Michael Dreiling also testified via deposition. He is a vocational expert for the Claimant. He found Claimant's educational skills to be limited and the ability to upgrade his skills to be non-existent. (Cl. Exh. D, pp20-22.) Mr. Dreiling makes the determination that in light of Claimant's physical limitations, Claimant would not be a good candidate to perform any gainful employment on the open market. (Id. at p21.) After reviewing Dr. Koprivica's medical report, Mr. Dreiling believed that the combination of the pre-existing injuries, Claimant's educational potential, and Claimant's most recent injury rendered Claimant unable to return to work. (Id. at p22.)

CONCLUSIONS OF LAW

It is the claimant's burden of proof to prove all the issues that are alleged in the hearing under Chapter 287. As noted by the Court in Cook:

Claimant has the burden of proving all the essential elements of the claim and must establish a causal connection between the accident and injury. Cook v. Sunnen Products Corp., 937 S.W.2d 221, 223 (Mo.App.E.D. 1996) citing: Fischer v. Archdiocese of St. Louis-Cardinal Ritter Institute, 793 S.W.2d 195 (Mo.App.E.D. 1990) overruled on other grounds by Hampton v. Big Boy Steel Erection, 121 S.W.3d 220, 223 (Mo. Banc 2003).

Claimant is alleging that he is eligible for permanent total disability from the Second Injury Fund (SIF). To make a determination for SIF liability, first a determination of the disability from the last injury or injuries needs to be made. The next step is the determination of whether the pre-existing injuries are a "hindrance or obstacle" to employment on the open labor market and if the accumulation of the disability from the injuries are greater than their sum. Finally, an assessment is made that if all the injuries are considered together, is the claimant permanently disabled and unable to work? Karoutzos v. Treasurer of State of Missouri, 55 S.W.3d 493, 498 (Mo.App.W.D. 2001). In Karoutzos, the Court opined:

In order to recover from the Fund, a claimant must first prove a preexisting permanent partial disability whether from compensable injury or otherwise, pursuant to $\S 287.220 .1$. The permanent disability pre-dating the injury in question must "exist at the time the work-related injury was sustained and be of such seriousness as to constitute a hindrance or obstacle to employment or re-employment should the employee become unemployed." Messex v. Sachs Elec. Co., 989 S.W.2d 206, 214 (Mo.App. 1999).

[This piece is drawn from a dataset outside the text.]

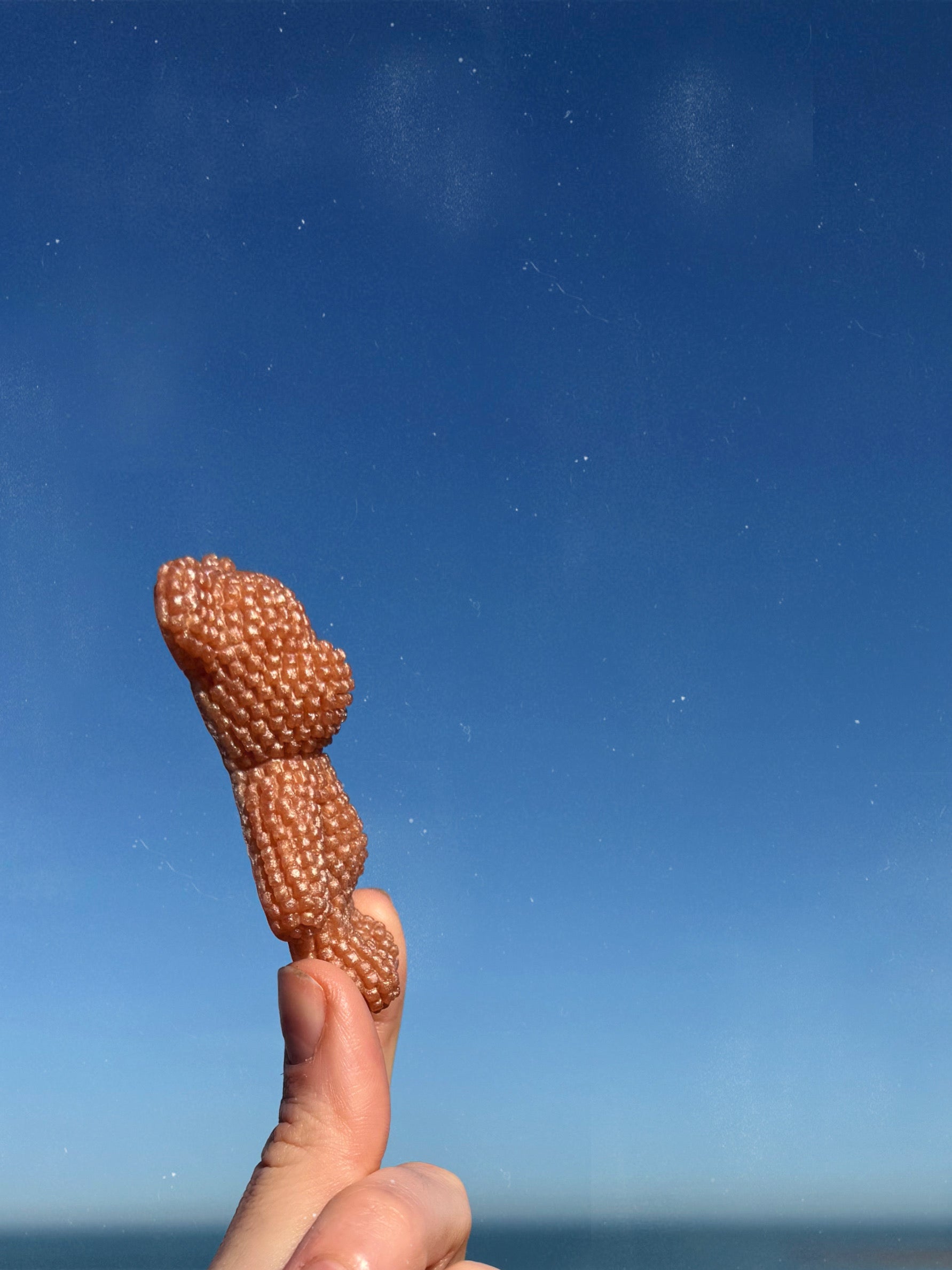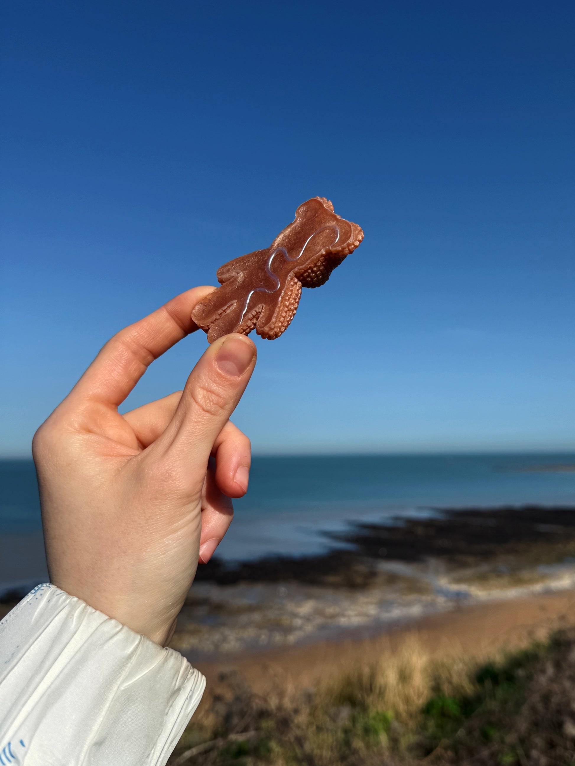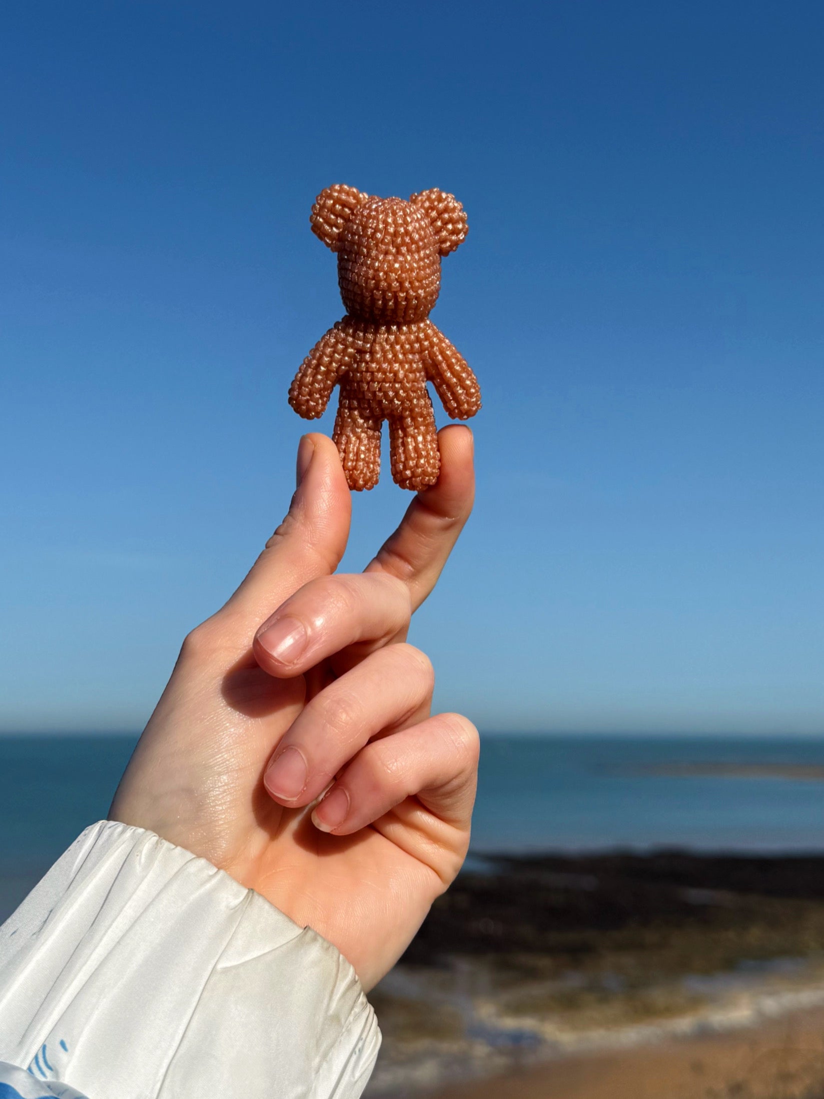 This double sided Jagger bear is a shimmering nude, designed after clean girl baddie nails these jaggers have a hand sculpted wiggle on their back, that wiggle was then hand painted, and then topped with a layer of food safe resin on top. This jagger has a small lip around the edge on the back that you can pass your finger tips over. The wiggle is 3D, each Jagger has a slightly different shaped wiggle on its back, it is thinner and thicker in different places, this new design is good for either tracing your finger tips over the wiggle or tracing your finger tip back and forth over the bumps.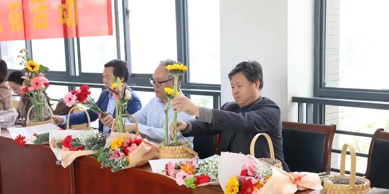 各位女教职工们根据花材,首先自学了基本的花艺养护知识、插花步骤和方法、色彩配置等知识,老师们之间也互相传授经验。随后大家纷纷行动起来,充分发挥自身的想象力和创造力修剪、整枝、搭配,用心制作属于自己的花篮,形成一个个独具匠心又春意盎然的插花作品。在插花作品完成后,大家互相欣赏彼此的作品并手捧鲜花进行拍照,留下了自己的美丽瞬间。

Second, "a preexisting disability must combine with a disability from a subsequent injury in one of two ways: (1) the two disabilities combined result in a greater overall disability than that which would have resulted from the new injury alone and of itself; or (2) the preexisting disability combined with the disability from the subsequent injury to create permanent total disability." Reese v. Gary \& Roger Link, Inc., 5 S.W.3d 522, 526 (Mo.App. 1999) (citation omitted).

Id. at p 493 .

To be totally disabled, a claimant must not be able to return to any employment, not just his chosen field of employment. Muller v. Treasurer of State of Missouri, 875 S.W.3d 36, 40 (Mo.App.W.D. 2002).

In the 2007 truck accident, Claimant injured his neck at C4-5 and C6-7. The surgery for his injury has been partially successful but has left Claimant with substantial pain and an inability

to lift or turn his head much more than a couple of inches. (Cl. Exh. C, pp27-28.) Dr. Koprivica assessed the injury to the neck at a rating of 35\% PPD. (Cl. Exh. C, Depo Exh. 2, p16.) This injury to the neck was settled for 22.5 % PPD by stipulation approved by and Administrative Law Judge. (Cl. Exh. A, p2.)

After a review of Claimant's testimony and deposition and the deposition of Dr. Koprivica, I find that Claimant has suffered a 25 % PPD BAW in reference to the neck.

Claimant has a number of pre-existing injuries to his back, neck, and left knee. Claimant also has been diagnosed with sleep apnea. Before the accident in 2007, he saw the chiropractor "two or three" times a year for pain in his neck and lower back. (SIF Exh. 2, pp24-26.) He also experienced pain in his left knee and attributed it to arthritis. (Id. at p27.) This condition made using the clutch in the truck more difficult because it caused pain to his knee. (Id. at p27.) An MRI performed in December of 2004 diagnosed a bucket-handle tear of posterior horn of medial meniscus and an older partial tear of the anterior crucible ligament. (Cl. Exh. B-3C, p253.)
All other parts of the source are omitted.